Hay también un elogio del detalle, de la victoria cotidiana sobre la entropía que implica vivir y prosperar (en términos de La historia interminable sería como combatir la Nada que engulle Fantasía), enfoques estimulantes de conceptos viejos, como la información, o la imperiosa necesidad de diferenciar y graduar los problemas para poder atacarlos, una exigencia de proporcionalidad para el razonamiento moral que me recordó vivamente las palabras de Amos Oz en su ensayo Queridos fanáticos (Siruela, 2017): “Quien no es capaz o no está dispuesto a clasificar el mal puede convertirse en un siervo del mal. Quien mete en ‘un mismo saco’ el apartheid, el colonialismo, el Daesh, el sionismo, el apartarse de lo políticamente correcto, las cámaras de gas, el sexismo, la riqueza de los magnates y la polución está sirviendo al mal por el mero hecho de negarse a clasificarlo.”
A la clasificación y gradación de los problemas se debe sumar la humildad de reconocer la complejidad. Requiere huir de la tendencia paralizante de la moralización que se empeña en buscar la “verdadera raíz”. Porque muchas veces la mejor manera de atacar una enfermedad es aliviar los síntomas, en vez de esperar a alcanzar un conocimiento preciso de cada uno de los factores que intervinieron en su origen.
Una de las ideas más hermosas y estimulantes de En defensa de la Ilustración es que la visión negativa y catastrofista que nos formamos de la situación en el mundo es en realidad una señal de nuestro progreso moral, de cómo los umbrales de sensibilidad al sufrimiento se han afinado: sabemos más y nos importa más.
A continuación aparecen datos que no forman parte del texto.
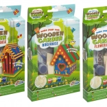 Komplet vsebuje vsa potrebna orodja – predrezan les, barve in čopič – kar omogoča takojšnje ustvarjanje brez potrebe po dodatnih pripomočkih.
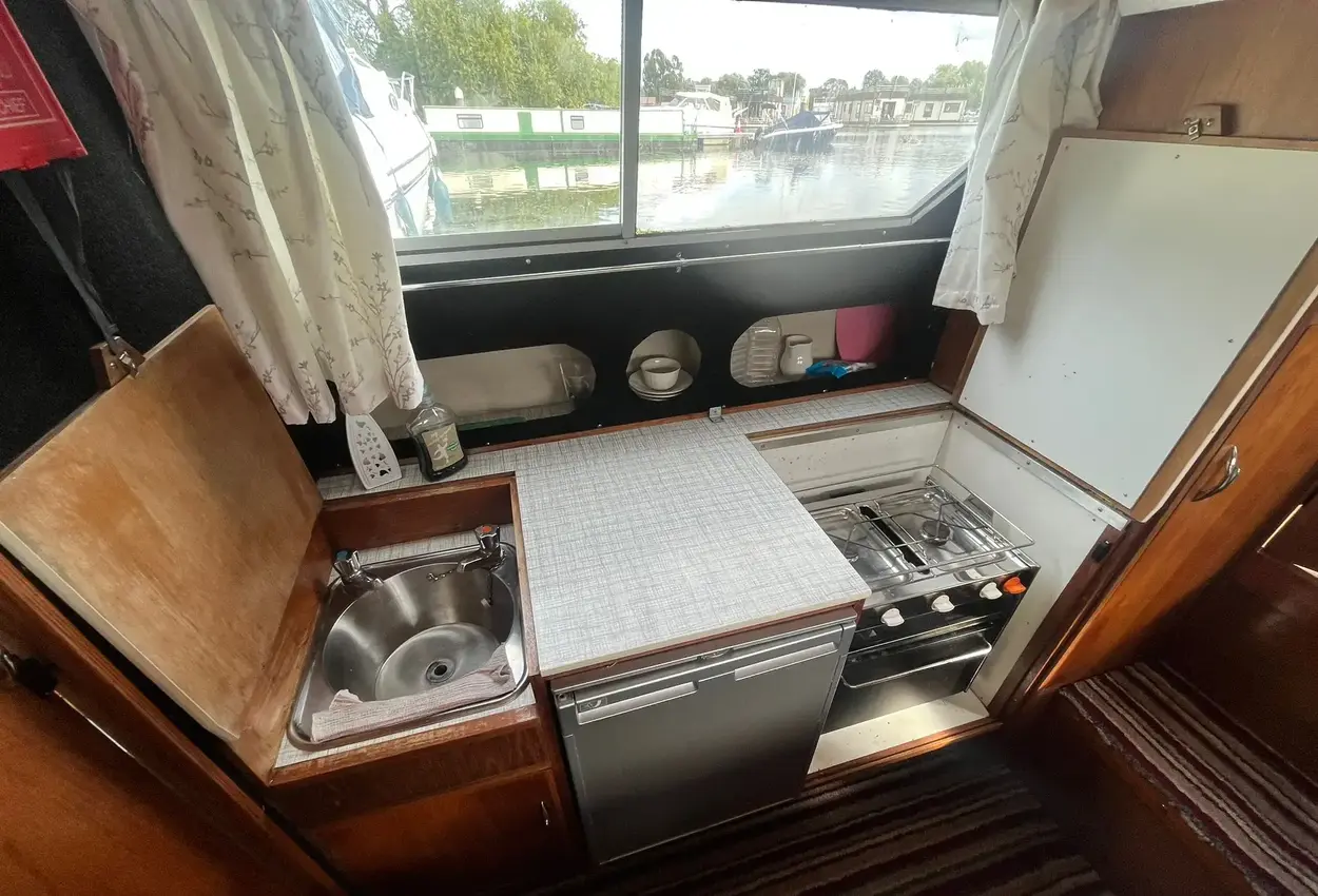 Built in 1979 by Seamaster, Simmer Down is a clean example of their 813 range. She features a spacious cockpit with plenty of room for multiple passengers. She has a large cabin area with a fully equipped galley and a seating area that can be converted to a double berth. She also boasts a walkthrough bathroom and a separate cabin towards the bow.

Esta idea está presente a lo largo del libro, ya sea cuando afronta el cambio climático, las amenazas existenciales o la felicidad. Que reconozcamos el sufrimiento, “aunque sea mediante la etiqueta de un diagnóstico médico es una forma de compasión, especialmente cuando ese sufrimiento puede ser aliviado”.
Pinker muestra cómo hemos aprendido y mejorado en términos de esperanza de vida, salud, riqueza, medio ambiente, calidad de vida, terrorismo, seguridad, paz, conocimiento, felicidad … Los gráficos de Max Roser salpican las páginas junto con las abundantes citas de ensayos y estudios que señalan los sesgos que nos dificultan elevar la mirada más allá de nuestro intervalo temporal cercano.
Se trata de un libro optimista: aunque los desafíos son graves, demuestra que no hace tanto que encaramos otros peores y tuvimos la disposición y la inteligencia necesaria para querer y saber afrontarlos. Parte de la absoluta convicción de que disponemos de medios para prevenir y reducir los daños y que eso requiere seguir aprendiendo más, porque problemas tan urgentes y difíciles como el cambio climático pueden tener solución si nos apoyamos firmemente en las mismas herramientas que hemos empleado hasta hoy.
Hay científicos que mejoraron cultivos y evitaron la muerte a millares, hay guerras culturales, hay razonamientos éticos y hay cifras. Están presentes cuestiones que también intrigaron a Haidt, Kakutani, Kahan, Lessing y otros muchos. Y al final de todo, un poso de celebración de la vida, de que el impulso que nos lleva a perseguir y disfrutar el amor, la belleza, la curiosidad o la camaradería no son meros pasatiempos hedonistas sino que es lo que nos hace esencialmente humanos.
Elena Alfaro es arquitecta. Escribe el blog Inquietanzas.